INSERT INTO rds_demo(`id`, `version`, `pattern`, `function`)
values('1', 2, '{"name":"end","quantifier":{"consumingStrategy":"SKIP_TILL_NEXT","properties":["SINGLE"],"times":null,"untilCondition":null},"condition":null,"nodes":[{"name":"end","quantifier":{"consumingStrategy":"SKIP_TILL_NEXT","properties":["SINGLE"],"times":null,"untilCondition":null},"condition":{"className":"com.ververica.cep.demo.condition.EndCondition","type":"CLASS"},"type":"ATOMIC"},{"name":"start","quantifier":{"consumingStrategy":"SKIP_TILL_NEXT","properties":["LOOPING"],"times":{"from":5,"to":5,"windowTime":null},"untilCondition":null},"condition":{"expression":"action == 0 || action == 2","type":"AVIATOR"},"type":"ATOMIC"}],"edges":[{"source":"start","target":"end","type":"SKIP_TILL_NEXT"}],"window":null,"afterMatchStrategy":{"type":"SKIP_PAST_LAST_EVENT","patternName":null},"type":"COMPOSITE","version":1}','com.ververica.cep.demo.dynamic.DemoPatternProcessFunction');

Add a rule whose id value is 2 as Rule 2.

The SQL statement of Rule 2 is the same as that of version 1 of Rule 1. The StartCondition parameter is still set to action == 0, and the two values of the times parameter are 3 and 3.

INSERT INTO rds_demo(`id`, `version`, `pattern`, `function`)
values('2', 1, '{"name":"end","quantifier":{"consumingStrategy":"SKIP_TILL_NEXT","properties":["SINGLE"],"times":null,"untilCondition":null},"condition":null,"nodes":[{"name":"end","quantifier":{"consumingStrategy":"SKIP_TILL_NEXT","properties":["SINGLE"],"times":null,"untilCondition":null},"condition":{"className":"com.ververica.cep.demo.condition.EndCondition","type":"CLASS"},"type":"ATOMIC"},{"name":"start","quantifier":{"consumingStrategy":"SKIP_TILL_NEXT","properties":["LOOPING"],"times":{"from":3,"to":3,"windowTime":null},"untilCondition":null},"condition":{"expression":"action == 0","type":"AVIATOR"},"type":"ATOMIC"}],"edges":[{"source":"start","target":"end","type":"SKIP_TILL_NEXT"}],"window":null,"afterMatchStrategy":{"type":"SKIP_PAST_LAST_EVENT","patternName":null},"type":"COMPOSITE","version":1}','com.ververica.cep.demo.dynamic.DemoPatternProcessFunction');

2. Send eight simple messages to trigger a match in the Amazon MQ for Kafka console.

The following eight messages provide an example:

1,Ken,0,1,1662022777000
1,Ken,0,1,1662022777000
1,Ken,0,1,1662022777000
1,Ken,2,1,1662022777000
1,Ken,0,1,1662022777000
1,Ken,0,1,1662022777000
1,Ken,0,1,1662022777000
1,Ken,2,1,1662022777000

On the Log List tab of the Running Task Managers tab, find the log file whose name ends with .out, and view the matching results.

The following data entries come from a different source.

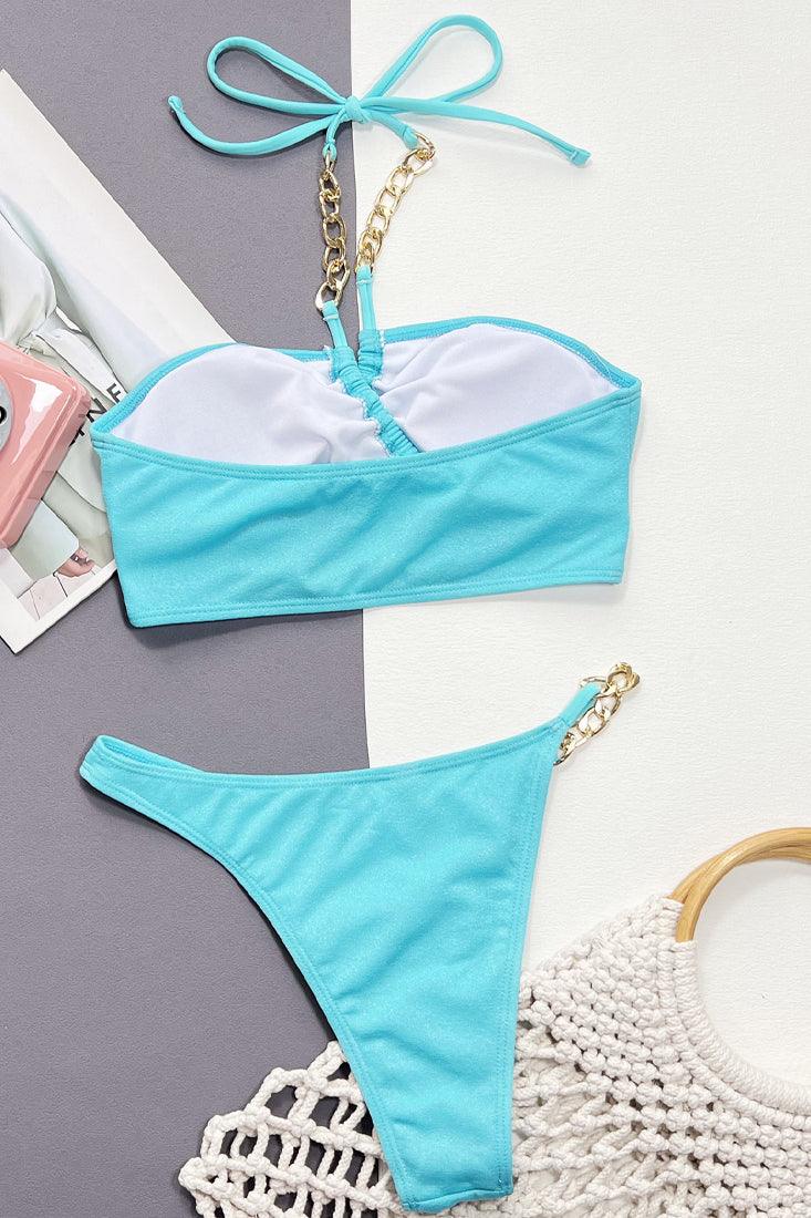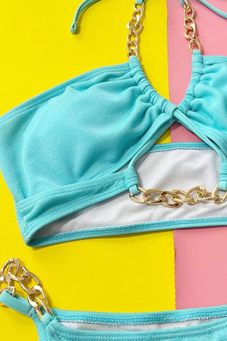 Get ready to sparkle and shine at the beach or pool with our Sky Blue Gold Chain Shimmer Sparkly Bikini Set! This 2-piece swimsuit features a cheeky design and a stunning gold chain detail, adding a touch of glamour to your swimwear. Stand out with this unique and playful swimsuit!
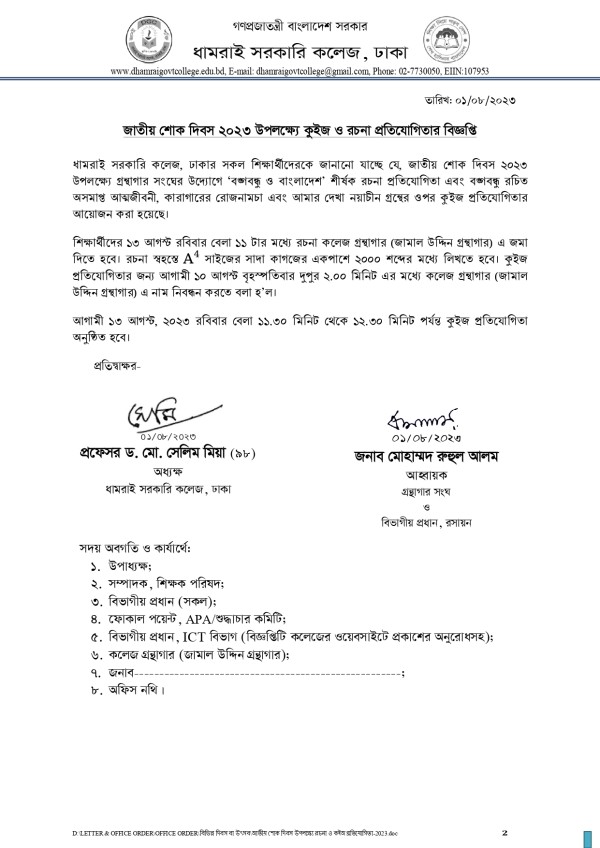 Notice Title : কুইজ ও রচনা প্রতিযোগিতার বিজ্ঞপ্তি
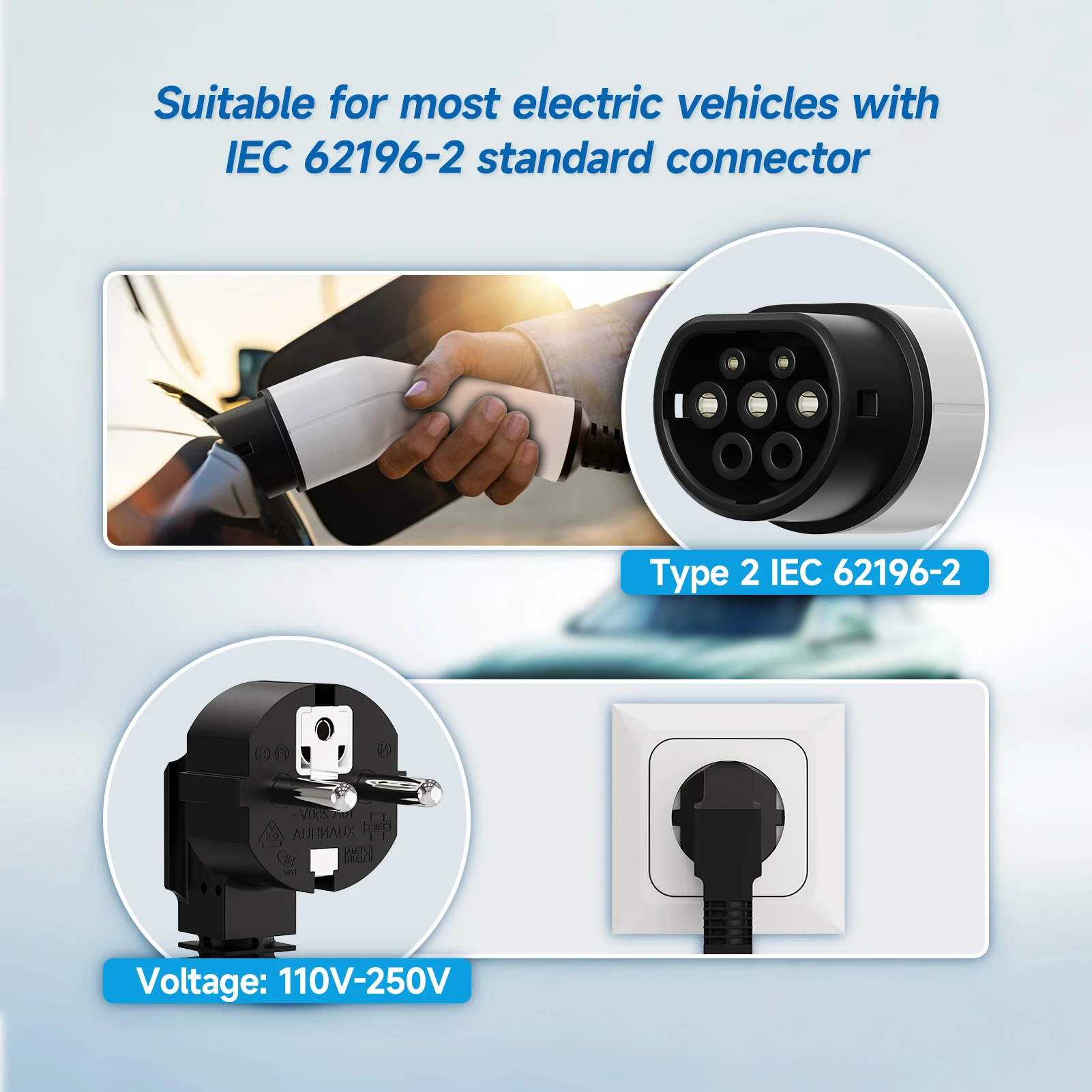 Fast Charging: Designed to make EV charging quick and effortless.Utilizing the standard type1, type2 and gb/t charging protocol, this charging cable is compatible with all electric cars and plug-in hybrid. Compact and durable, it is the perfect charging cable for home use and with the cable that is long enough for most driveways or garages.
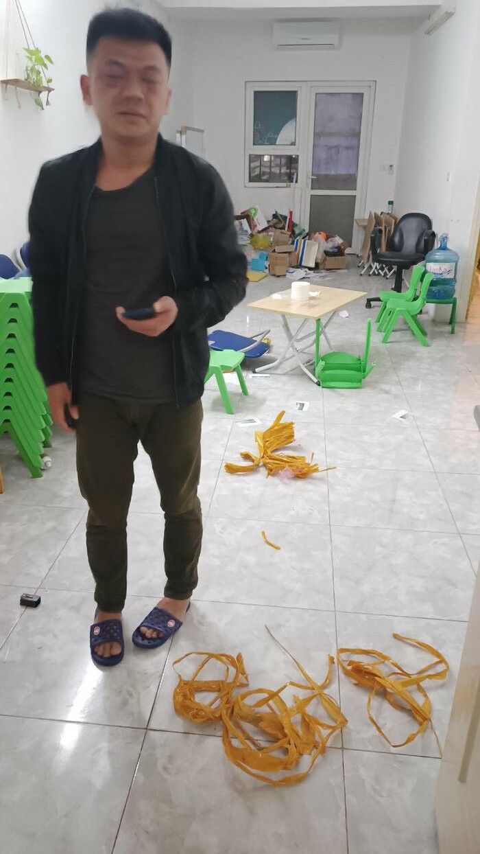 Nhóm đối tượng cũng đã được camera ngoài hành lang tầng chung cư ghi lại và đã cung cấp cho công an điều tra làm rõ. Tại hiện trường công an phát hiện 1 kính mắt nghi của đối tượng bị rơi lại tại hiện trường", cán bộ tổ dân phố chia sẻ.
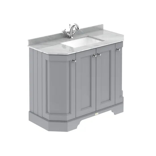 Bayswater 1000mm 4 Door Angled Cabinet With 1 Tap Hole Marble Top Basin - Plummett Grey
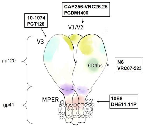 For a long time, it was believed that the antibody response does not have a significant impact on the course of infection due to high virus variability. However, in 2008, broadly neutralizing antibodies (bNAbs) that are capable of neutralizing HIV-1 of different subtypes were first discovered [,]. The mechanism of bNAb formation during long virus persistence was attributed to the repetitive hypermutation of immunoglobulin loci, which contributed to the evolution of antibodies’ specificity []. Several conserved regions of the Env glycoprotein serve as targets for bNAbs (Figure 1).
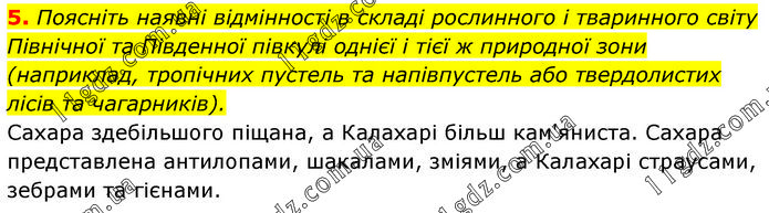 Поясніть наявні відмінності в складі рослинного і тваринного світу Північної та Південної півкулі однієї і тієї ж природної зони (наприклад, тропічних пустель та напівпустель або твердолистих лісів та чагарників). Сахара здебільшого піщана, а Калахарі більш кам'яниста. Сахара представлена антилопами, шакалами, зміями, а Калахарі страусами, зебрами та гієнами.

• If you want to search for the matching results that are generated based on Version 2 of Rule 1, use the A match for Pattern of (id, version): (1, 2) keyword.

• If you want to search for the matching results that are generated based on Version 1 of Rule 2, use the A match for Pattern of (id, version): (2, 1) keyword.

The previously presented figures depict the following match outcomes:

• According to Version 2 of Rule 1, the Flink CEP deployment identifies a series of events consisting of five successive actions with values of 0 or 2, followed by an action value different from 1. This confirms the successful implementation of the dynamically updated Rule 1.

• As per Version 1 of Rule 2, the Flink CEP deployment spots two event sequences, each comprising three consecutive actions with a value of 0, succeeded by an action with a value not equal to 1. This confirms the effective addition of the dynamically introduced Rule 2.